One of this web site’s top albums of last year was Buddy Girl and Mechanic’s eponymous debut, and it’s heartening that they’ve been able to follow it up so quickly (or at least what passes for quickly in the Japanese indie world). While a lot remains consistent with before, with the blues-inflected melodies combined with an obvious love of krautrock, and vocalist Xiroh’s habit of suddenly squeaking like a 1960s secretary who’s just been touched on the bottom by a roguish co-worker. However, the transition from the bands debut to Topsy Turvy is far from seamless, and it’s clear a lot’s been going on in the studio in the interim. While Buddy Girl and Mechanic was characterised by expansive, reverb-drenched sonic vistas, Topsy Turvy is a far more claustrophobic album, with the group’s “Mechanic” aspect expressing itself in the clockwork clinks, clanks, rattles and creaks of songs like Mechanic Nonsense and Cat’s Scratching, and the tightly compressed drums of the Circe’s Kitchen. Rather than all blending together into one sultry sunset soup as the 2013 model BGM did, the band’s 2014 incarnation sets each sound scrapping it out in a closet.
One effect of this more claustrophobic production is that where in the past Xiroh’s vocals have tended to be indistinct in the reverb and overdubs, here they are occasionally pushed closer to the surface, as on the title track. Language can often be a problem for Japanese acts as the needs, expectations and interpretations of domestic and overseas audiences can lead to very different responses. Most obviously this lies in comprehension, where Japanese is obviously easier to understand for Japanese audiences and English for those in many other places. Differences also lie in how exotic or fashionable a language can make something sound, and how the inflection the singer places on the words can affect the impression they make. The vocals on Topsy Turvy are in a mixture of English and Japanese, processed through a variety of effects, sometimes in the group’s familiar distant and abstract manner, sometimes right close up in the listener’s ear. Now where a group like Shonen Knife make a virtue out of the naïvety of their English pronunciation, Buddy Girl aren’t that sort of band. The persona Xiroh projects is more adult, more vampish, and this lends an odd sense of not-quite-rightness to the English language material, where the naturalistic and the obviously foreign grate against each other.

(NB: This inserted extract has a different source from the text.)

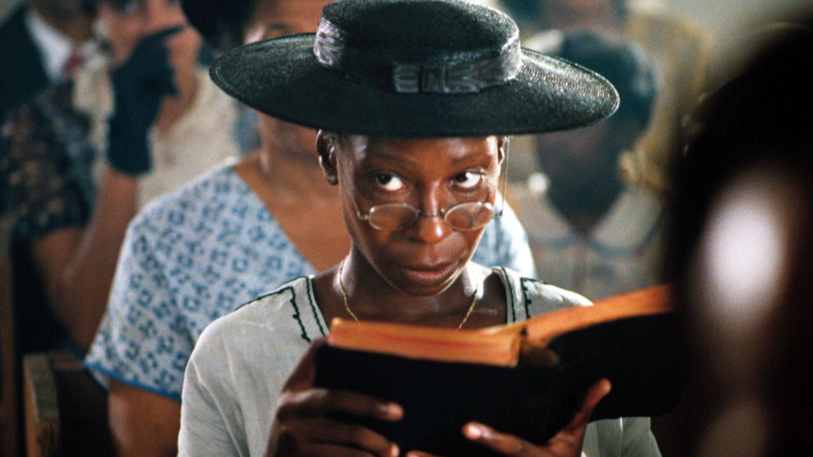 Image may contain: Whoopi Goldberg, Person, Reading, Clothing, Hat, Accessories, Glasses, Jewelry, Necklace, Adult, and Face

And yet break it down and there’s nothing intrinsically wrong going on in their either. Topsy Turvy kicks off with a song that purrs its desire to “make it nonsense” and is an album constructed entirely of sounds and ideas designed to clash against each other. Release the Fish sets what sounds like a sanshin, an instrument primarily associated with Okinawan folk music, against a song that’s comes over like one big sexual come-on, while closing track Nature/Property takes all the grinding gears, tensing wires and general “mechanic nonsense” that have clattered through the album and builds an ambient psychedelic crescendo around them before releasing it all into a throbbing, motorik conclusion that lasts for about a minute but could have gone on for about twenty.
So amid all this wilful chaos, does something coherent emerge? Well, firstly I’m not sure it really needs to, and secondly yes it does. Aside from the obvious point that the thematic clash of elements that runs through the album is in itself a point of consistency, the group also never let it sabotage the songs. “The melody, it’s my remedy,” is the opening track’s response to the “nonsense” it professes to promote, and while Buddy Girl and Mechanic play the mischief makers, they’re fundamentally a band very much like Can in that the fun and games is always set in service of the greater musical good.